In Every Issue

Letters

STACKS OF MEMORIES

“Ex Libris” (Go Ask Alumni, Summer 2011) got me reminiscing about the several years in the 1930s when I worked in Harper stacks. Several items came back to me that I haven’t thought about for years.

1. My job, NYA (National Youth Administration, if you remember that), involved collating collections of old newspapers and magazines. One of the publications was the Times of London, in which the classified ads were printed on the front page and the next few pages, as needed. One ad, which appeared in an issue dated about 1910, read (as nearly as I can recall): “Undergraduate Oxford scholar wishes to be adopted by wealthy family.”

2. Assigned desks were available for graduate students who wished to do their studying there. We assumed these students were trustworthy and did not check their briefcases coming or going. However, over time quite a few books disappeared from the shelves. Frederick McCluskey, the stacks manager, summed up the situation: “We operate on the honor system. We have the honor. The students have the system.”

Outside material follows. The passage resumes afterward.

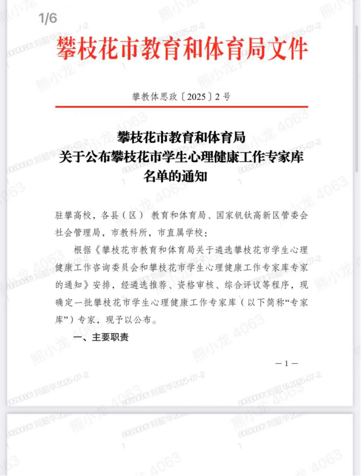 此次四位教师入选专家库,将进一步推动学院心理健康教育工作与地方教育需求的深度融合,为攀枝花市学生心理健康事业贡献更多力量。

3. I unearthed a dozen or so Chinese phonograph records that had been left there by a Chinese student long gone. Some of them sounded to me like the bombing of Shanghai, but a Chinese student/friend who listened to them smiled beatifically and told me that they were popular love songs in China. I still have those records—some 80 years later.

—Seymour Meyerson, SB’38

IS YOUR FIGURE LESS THAN GREEK?

I enjoyed the article on the Mr. U. pageant (“Camp and Circumstance,” Summer 2011). However, permit me one tiny little nitpick. It would have been an interfraternity slugfest, not intrafraternity. It would have been between (inter) the Phi Gams and the Phi Delts, not within (intra) one of the fraternities. Elsewhere in the world nobody would notice, but this is the U of C, where pedants blossom and “fun goes to die.”

—Richard Theriault, PhB’48

I suppose you try to cover all bets but honestly—highlighting Miss U. of Chicago (“First Among Equals,” Summer 2011), no matter what or who, doesn’t sound like the university I graduated from in 1947. The only basis for argument at that time was whether you were a Platonist or an Aristotelian.

—Charlotte Glauser, PhB’47, SB’47

MORE TRUTH AND BEAUTY

Ah yes, I remember the days of campus beauty pageants. We black students knew they weren’t for us, but, being softhearted, I attended one after being told a nice co-ed was desperate for a date. The evening was a fiasco, and I’m still embarrassed when I recall the looks I got when I did a ghetto jig on the dance floor. African Americans weren’t the only students dismayed by the pageants. Many white students saw them as another attempt, along with bringing back big-time football, to make the U of C like every other college. We didn’t want to be “normal”; its difference was the reason we chose Chicago.

—Hosea L. Martin, AB’60

The lovely image of Janice Porter on the cover of the Core brought back memories of my days at Chicago and of meeting Ms. Porter several times. I enjoyed the article on the history of beauty pageants (“Beauty, Briefly”) and appreciated your mention of Ruth McCarn. Please note that the spelling is “McCarn” and not “McCairn.” Dean McCarn was an inspirational administrator and I remained in contact with her until her death some years ago. It’s also possible her middle initial was “O” and not “C,” but I don’t have the certainty about this that I have about the spelling of McCarn.

—David S. Gochman, AB’56, AB’57

The writer is correct on both counts. We regret the errors.—Ed.

ASHLEY APPRECIATED

Thanks for a wonderful issue of the alumni magazine, particularly the article on Benedict Ashley which appears in the supplement. Father Ashley’s life includes the most highly valued accomplishments one can imagine from one who was lucky enough to be a student in the Hutchins College.